● **Work required**:
No pictures belong in the copy. Reproduce exactly the lines beginning at the line containing "The next shot" and continuing to the end of the entries below.

--- Record extracts Enclosed Below ---

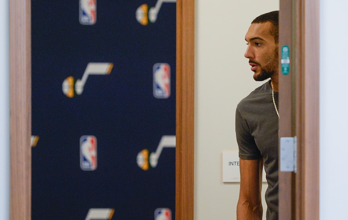 (Francisco Kjolseth | The Salt Lake Tribune) Rudy Gobert of the Utah Jazz gets ready to speak with the media following their season-ending game at the team practice facility on Thursday, April 25. 2019.
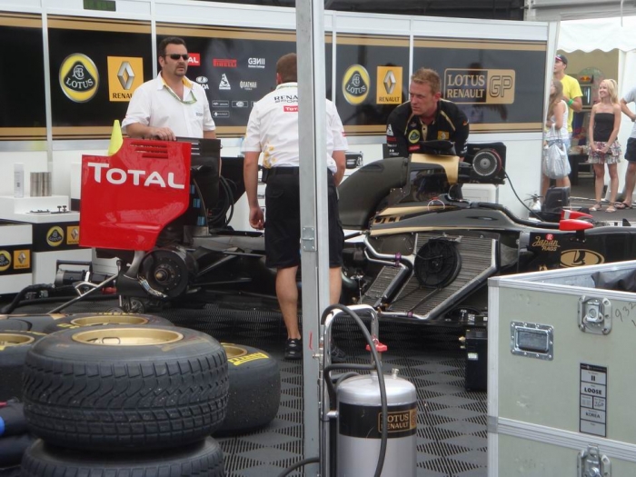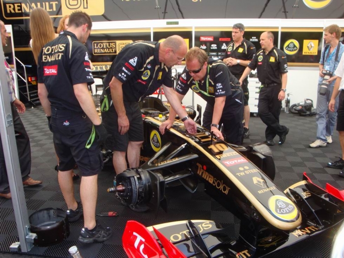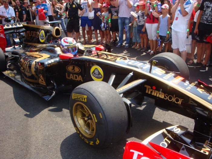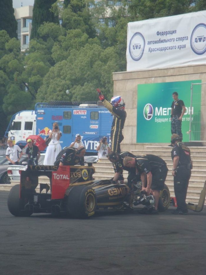 Уже выложили видео исполнения Гимна России командой Формулы-1 Рено. Под катом варианта, так сказать, вблизи. Я очень удачно подошёл в этот момент к машине.
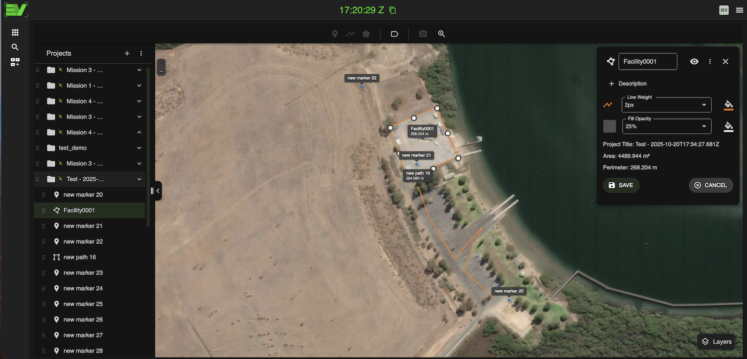 -Draw and edit points, polygons, polylines, and more. All objects can be nicely organized and associated with a specific mission's products. Or, create project folders and subfolders and organize them in any way to suit your workflow. For sharing map objects, conveniently import or export KMZ or KML
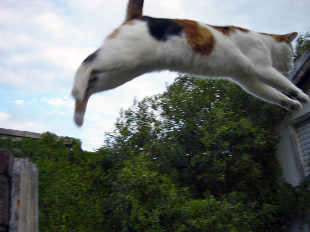The next shot is kinda scary. Tootie was able (at that time in her life) to get up and down from the roof by jumping onto a low brick wall in our backyard. She did this every day, time after time, and we often heard her running around on the roof at night.
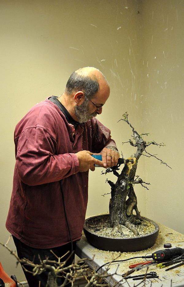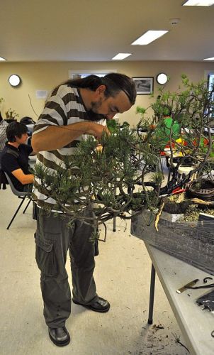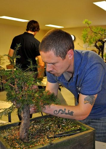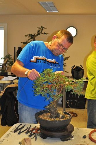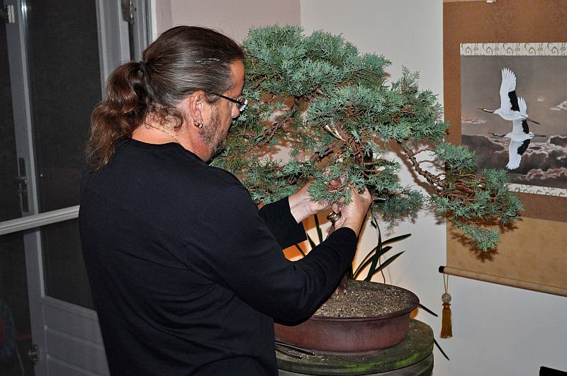 Below: Simon “Bonsai Monkey” concentrated and in the zone. I find it a pleasant and wonderful sight when people are one with their trees! It makes me smile because this must be just how I look to others when I am in my tree! 🙂

--- End of Enclosed Record extracts ---

● **Result below**:
The next shot is kinda scary. Tootie was able (at that time in her life) to get up and down from the roof by jumping onto a low brick wall in our backyard. She did this every day, time after time, and we often heard her running around on the roof at night.
 Below: Simon “Bonsai Monkey” concentrated and in the zone. I find it a pleasant and wonderful sight when people are one with their trees! It makes me smile because this must be just how I look to others when I am in my tree! 🙂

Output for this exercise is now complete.